Incident severe thrombocytopenia in veterans treated with pegylated interferon plus ribavirin for chronic hepatitis C infection

Pharmacoepidemiol Drug Saf. 2014 May;23(5):480-8. doi: 10.1002/pds.3585. Epub 2014 Feb 20.

Abstract

Purpose: We sought to determine the incidence and risks for severe thrombocytopenia (platelets < 50,000/μL) in United States Veteran patients treated with pegylated interferon (PEG-IFN) plus ribavirin for hepatitis C virus-positive (HCV) chronic liver disease (CLD).

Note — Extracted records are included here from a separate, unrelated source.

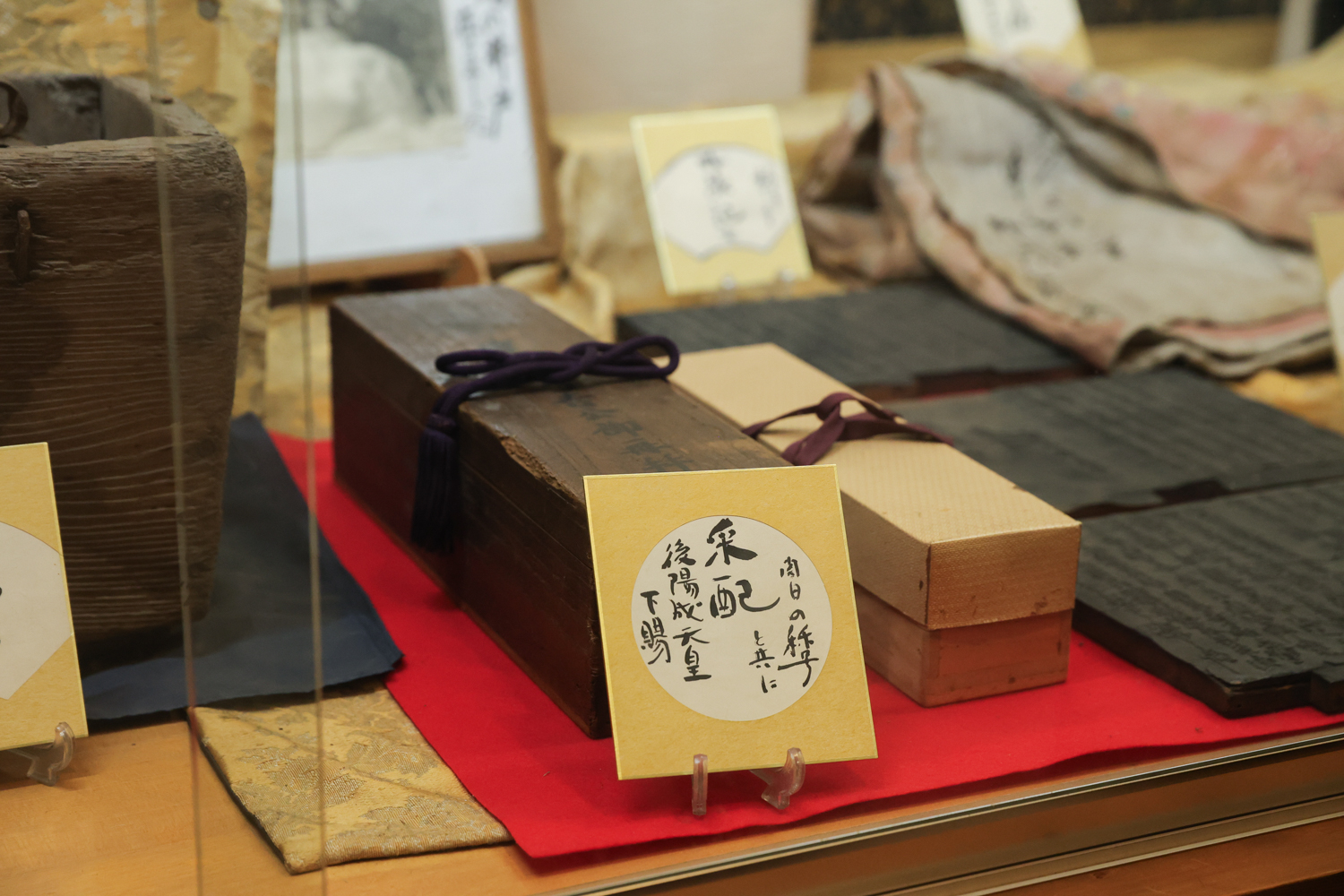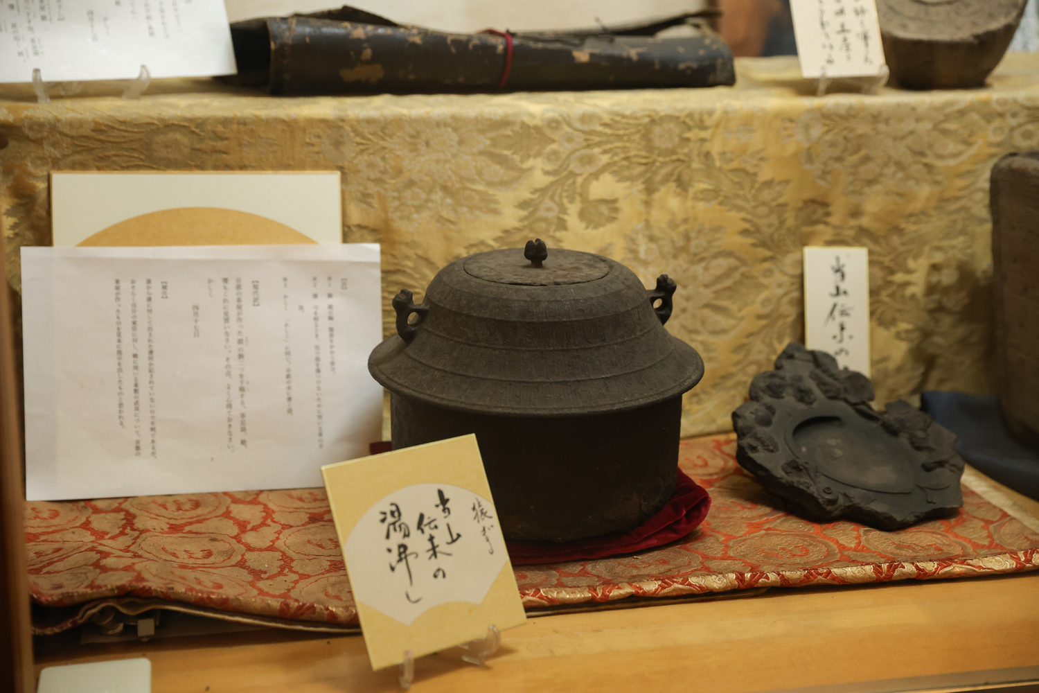 他にも、硯と共に保管されていたという茶釜や、井戸で使われていた釣瓶(つるべ)、当時の天皇から賜ったという采配(さいはい)など盛り沢山。歴史の深さに思わず息を呑んでしまいました。更には寺の歴史を紐解く文献や、寺の由来が刻まれた版木(はんぎ)、御神体と共に運ばれたと思われる秀頼の書や加藤清正の画像といったものなどなど……。じっくり見ていたら日がくれてしまいそうなほどのラインナップ。
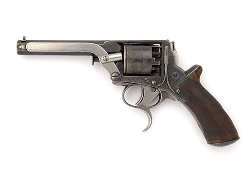 circa 1857, with re-blued 4 1/2in. barrel, scroll engraving at muzzle and barrel throat, the border engraved top-strap un-signed, dove-tailed fore-sight, standing notch rear-sight, scroll engraved plain cylinder with rope-twist engraved band to leading edge, border and scroll engraved solid frame with inverted 'Y' safety spring to left hand side, double action mechanism with spurless hammer, walnut chequered semi saw-handled grip (small chip to top-left) carved with a dog seated beneath a tree in lieu of an escutcheon and hinged 'Tranter's Patent' rammer on left of barrel, refinished throughout
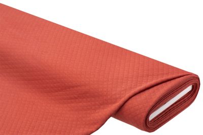 Tissu sweat matelassé, couleur : terracotta, extensible en largeur, dimension des losanges : 1 x 1 cm, largeur : 150 cm, poids : env. 240 g/m². Retrait : 7 % dans la longueur. Composition : 80 % coton, 20 % polyester.
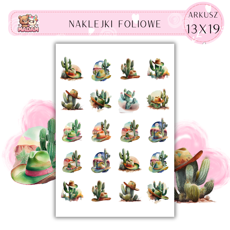 Naklejki Foliowe Kaktusy Kowboj 13x19, Madam
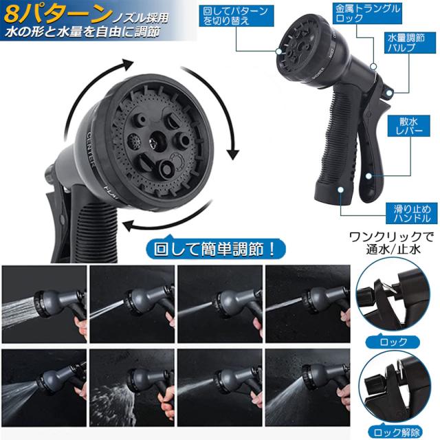 【幅広く使えます】:散水ノズルは8パターンの散水機能を搭載し、マンションや一戸建てのご使用に適しています。庭、ベランダやマンションの掃除、植物への水まき、お子様のプールへの給水、洗車などに幅広く使えます。
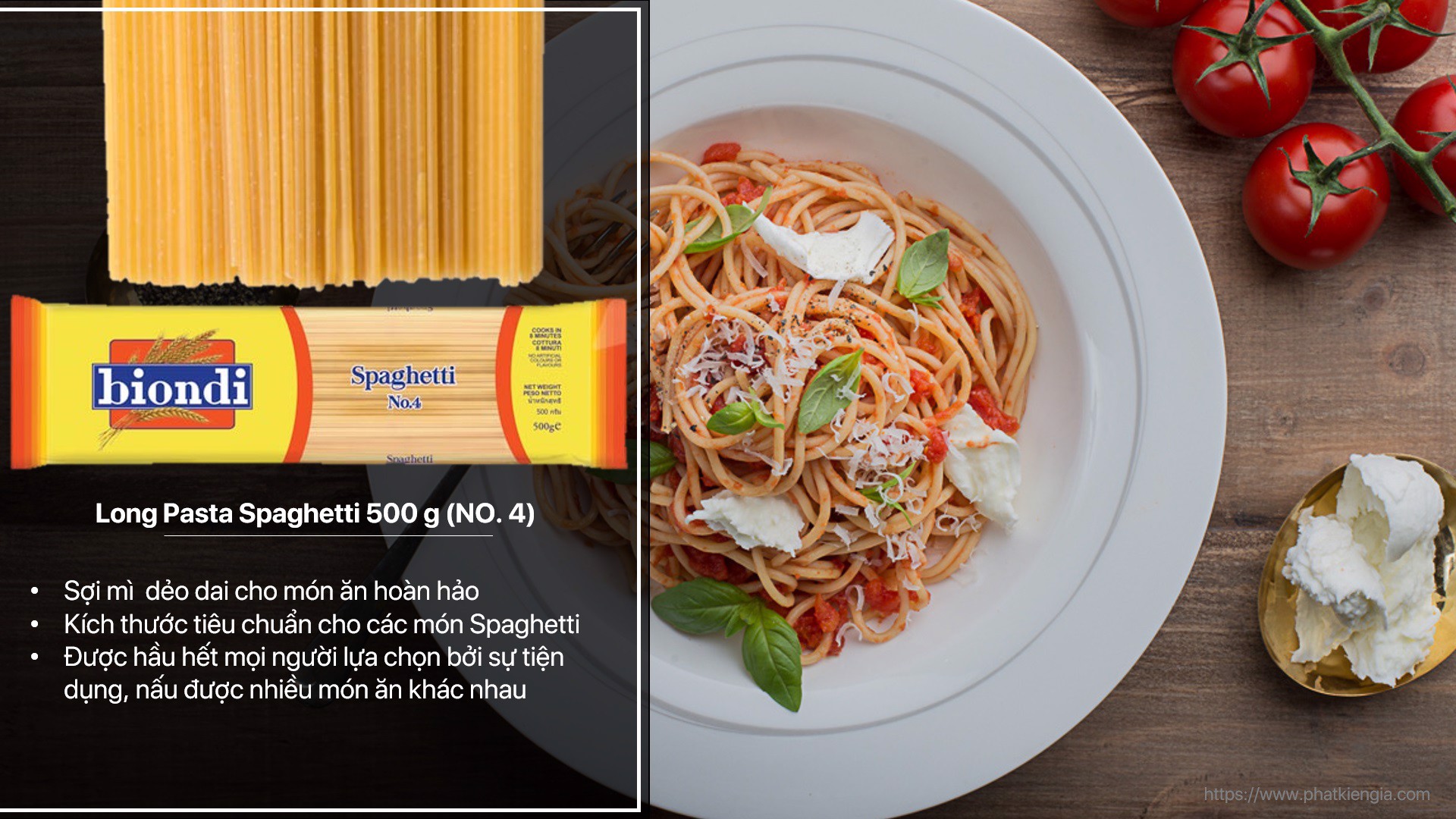 MÌ Ý SPAGHETTI SỐ 4 BIONDI 500G (THƯƠNG HIỆU ÚC - SX THÁI LAN) Quick, easy, tasty — that’s Biondi Pasta! Dễ dàng - Nhanh chóng - Hương vị ngon tuyệt - là những tính từ miêu tả đầy đủ
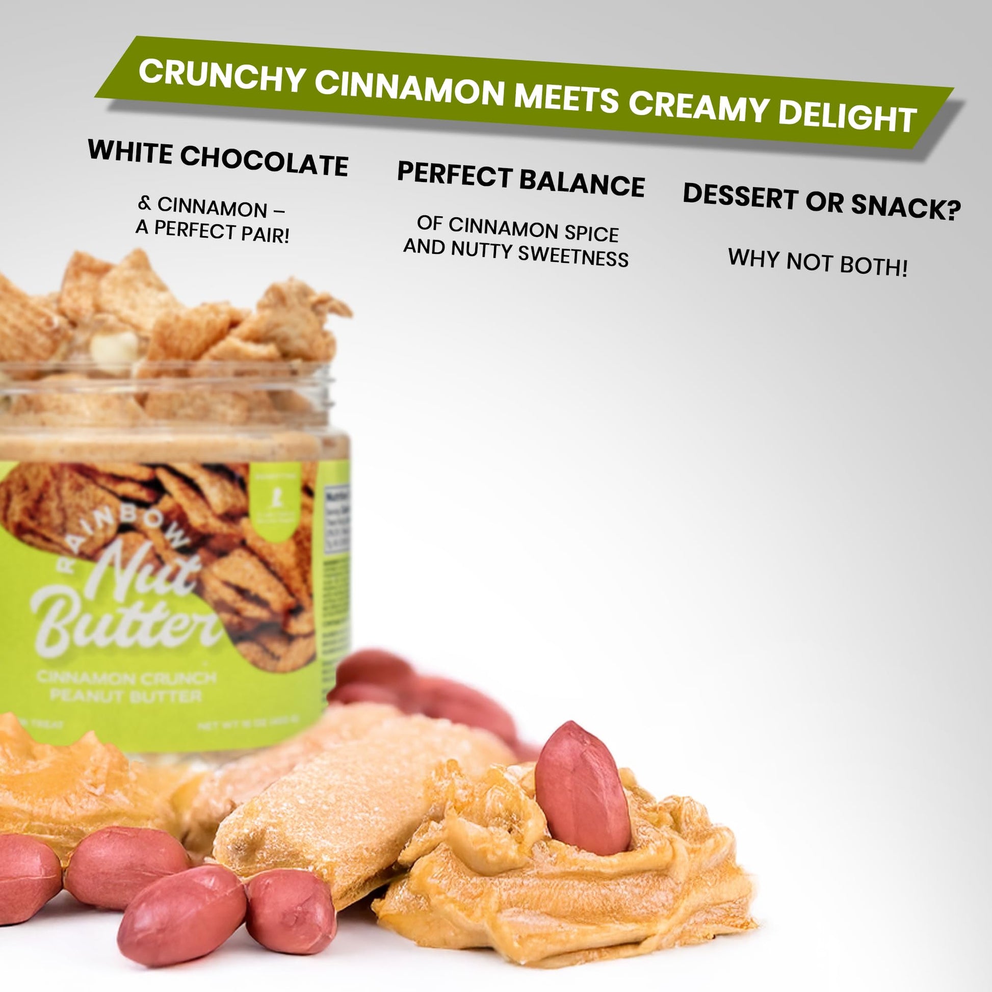 - Q: What makes Cinnamon Crunch Peanut Butter different from regular peanut butter? A: Cinnamon Crunch Peanut Butter combines the nutty richness of traditional peanut butter with the nostalgic flavors of Cinnamon Toast Crunch cereal, featuring crispy cereal pieces and creamy white chocolate chips for a unique sweet and spicy taste experience.
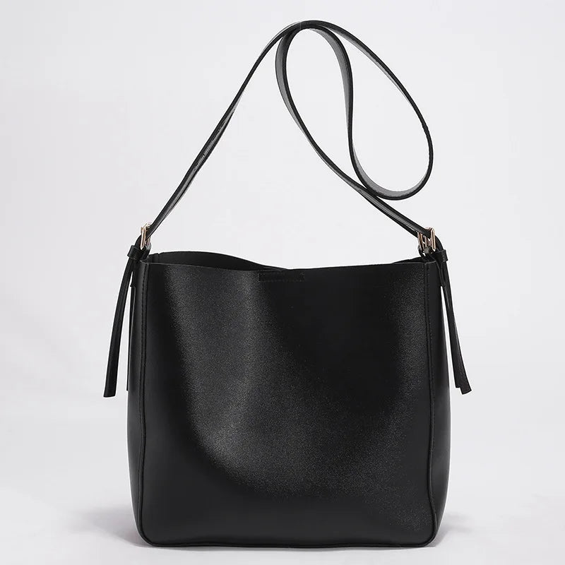 Stay stylish and organized with this simply designed crossbody bag. Perfect for casual outings or shopping trips, featuring a wide strap and bucket design.
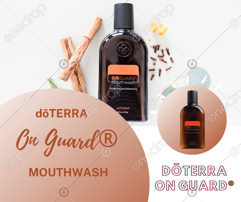 doTERRA On Guard™ Mouthwash is alcohol-free and formulated to clean teeth and gums, reduce plaque, and promote a healthy–looking mouth when used as part of a hygiene routine that includes brushing and flossing.Fonts:
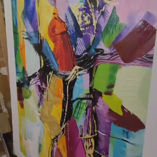 - Bursting with a rich palette of colors, this piece showcases dynamic textures and bold strokes, creating an eye-catching visual experience.
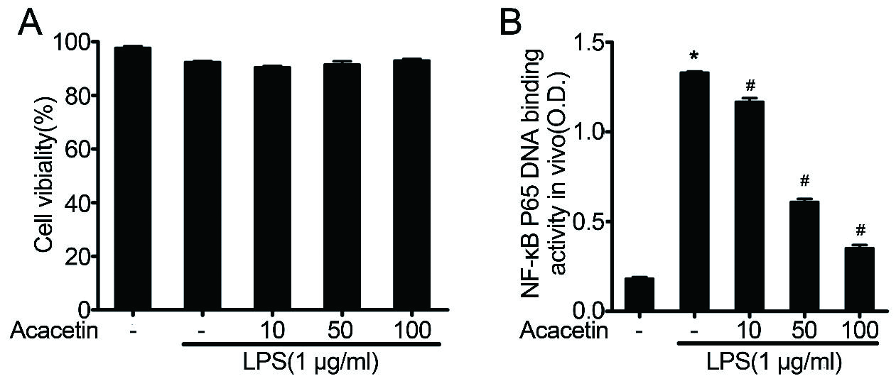 NF-κB信号通路对脓毒症诱导的炎症反应至关重要[46]。为了进一步研究木犀草素对体外NF-κB活化的影响,使用RAW264.7细胞研究了木犀草素对体外NF-κB p65 DNA结合活性的影响。MTT检测表明,木犀草素在100 μg的浓度下对细胞增殖没有影响(图 8A)。木犀草素预处理显著抑制LPS诱导的NF-κB p65的DNA结合活性。这些数据表明,木犀草素可能通过抑制NF-κB p65的DNA结合活性来抑制LPS诱导的肺组织炎症损伤。
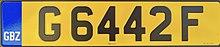 Gibraltar's international vehicle registration is GBZ, and vehicle registration plates of Gibraltar consist of the letter 'G' followed by up to five digits (1-99999) or four digits (1000-9999) and a single letter. These are as standard, the same shape, type face and colours as those in the UK, however non-standard number plates have been permitted. The Chief Minister's official car has the registration number G1, while the Governor's car, following tradition, has a crown, in place of a number.
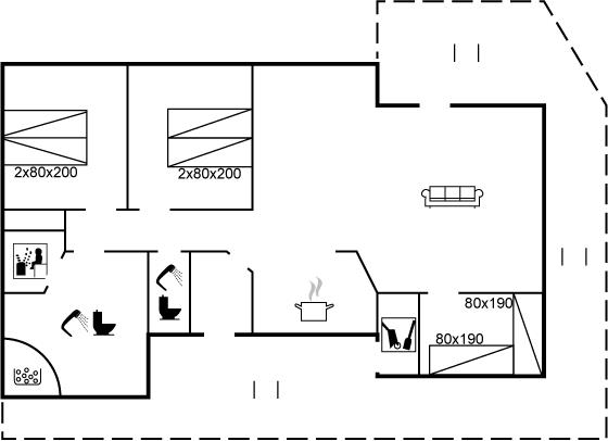Er is 2 badkamers met douchehok en 2 toiletten. Er is vloerverwarming in 2 van de badkamers. De sauna biedt de gelegenheid tot ontspanning.
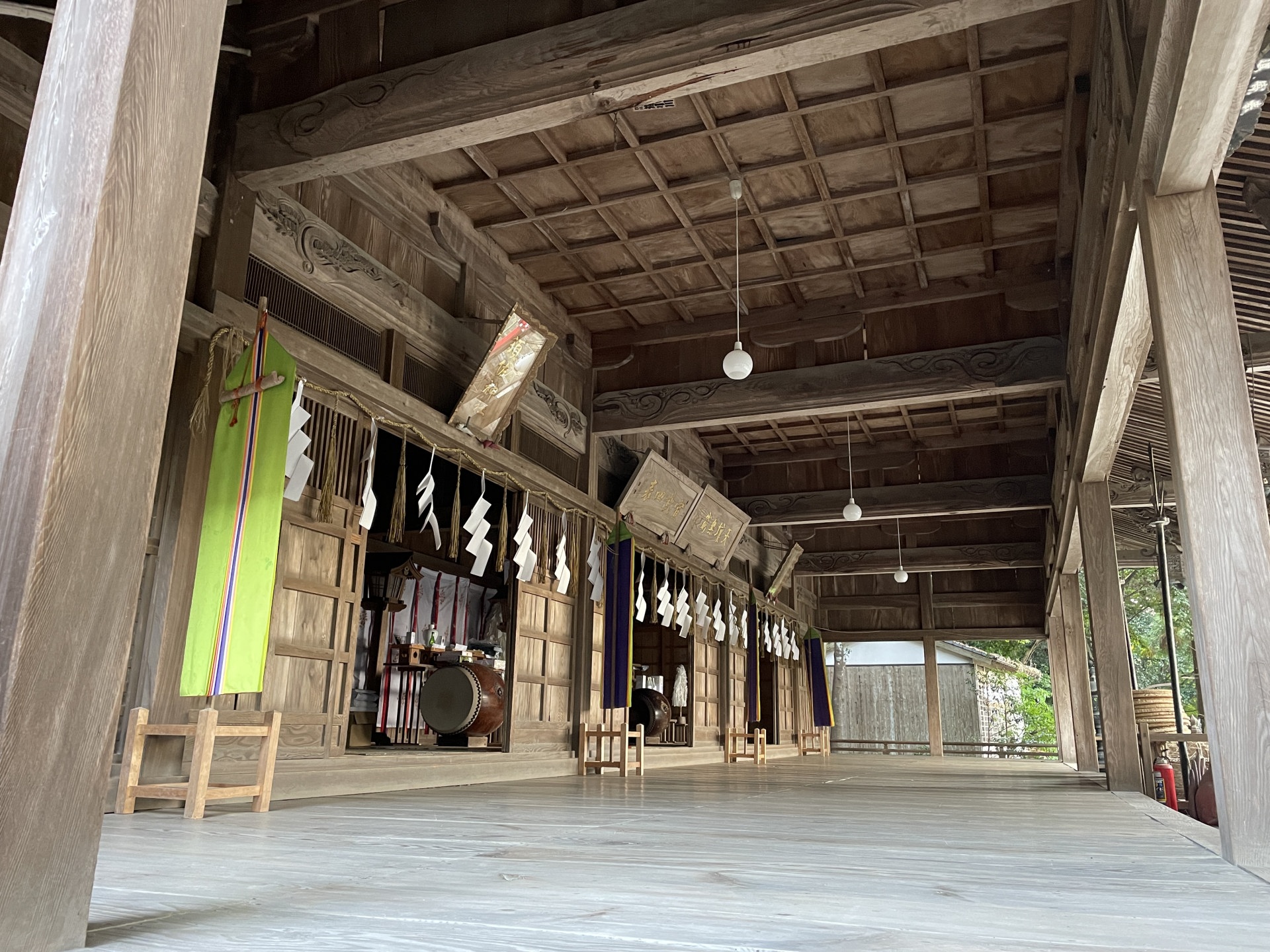 神職手帳を開いていた私に、神職さんが「なんで、それ持ってるんですか?」ときかれたので、素性をバラすと、そこからさらに丁寧に対応してくれて、なんと御神輿庫にも入れてくれて、いろいろと説明してくださった。

Methods: Using a retrospective, observational cohort study design to analyze databases from the New England Veterans Healthcare System, we identified 979 patients diagnosed with HCV-positive CLD treated solely with PEG-IFN plus ribavirin. The cohort was stratified by pre-treatment platelet counts of 50,000-100,000/μL (N = 90), >100,000-150,000/μL (N = 162), and >150,000μL (N = 727). The cumulative incidence of severe thrombocytopenia and major bleeding events were determined for each baseline platelet group for 48 weeks following treatment initiation. Multivariable Cox regression was used to identify risk factors for incident severe thrombocytopenia.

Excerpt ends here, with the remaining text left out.